Apache [Arrow](https://arrow.apache.org/docs/) and [parquet](https://parquet.apache.org/docs/) have more recently emerged as cloud-friendly storage technologies for (mostly-)columnar data.
These allow for partial retrieval of only subsets of data, either by explicitly returning a relevant set of columns, or by reading the metadata of a file to allow for pre-filtering.
Most of MP's data will be migrated to parquet datasets and files as we modernize our data schemas.

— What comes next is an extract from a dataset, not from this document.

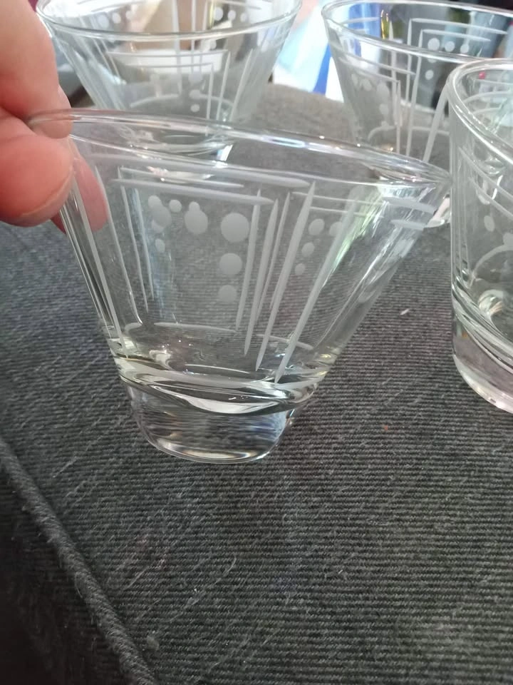 Stunning vintage martini glasses. Etched design. Unique. Great gift or conversation pieces.

Thus the same example as before would look like this using a parquet dataset for the `summary` collection:

```python
import pandas as pd

filtered_mp_ids = pd.read_parquet(
"s3://materialsproject-build/collections/xxxx-xx-xx/summary.parquet",
columns = ["material_id"],
filters = [
("band_gap",">",0.1),
("band_gap","<",1.0),
("energy_above_hull","<",0.05),
]
).material_id
```

To directly use `pyarrow` rather than `pandas`:

```python
import pyarrow.parquet as pq

filtered_mp_ids = pq.read_table(
"s3://materialsproject-build/collections/xxxx-xx-xx/summary.parquet",
columns = ["material_id"],
filters = [
("band_gap",">",0.1),
("band_gap","<",1.0),
("energy_above_hull","<",0.05),
]
)["material_id"]
```

If the user is more familiar with `pandas` or wishes to use it after the fact, every `pyarrow` table can be converted to a `pandas` object like: `filtered_mp_ids.to_pandas()`, in this last example.

# Parquet datasets

For very large data structures, it is often impossible to efficiently store the data as a single parquet file.
A parquet dataset can then be used to represent high-level metadata of multiple parquet files.
MP's `tasks` collection, in the `parsed` [bucket](https://materialsproject-parsed.s3.amazonaws.com/index.html#core/tasks/) is a parquet dataset.
The API client, `mp_api`, has tools to retrieve this data in its entirety and paginate through it in a memory-efficient way:
```python
from mp_api.client import MPRester

with MPRester("your_api_key") as mpr:
tasks = mpr.materials.tasks.search()
```
The full `tasks` collection requires >10 GB of on-disk space even in an efficient parquet representation.
The client query above will download all tasks to your machine and allow you to load them into memory as they are requested.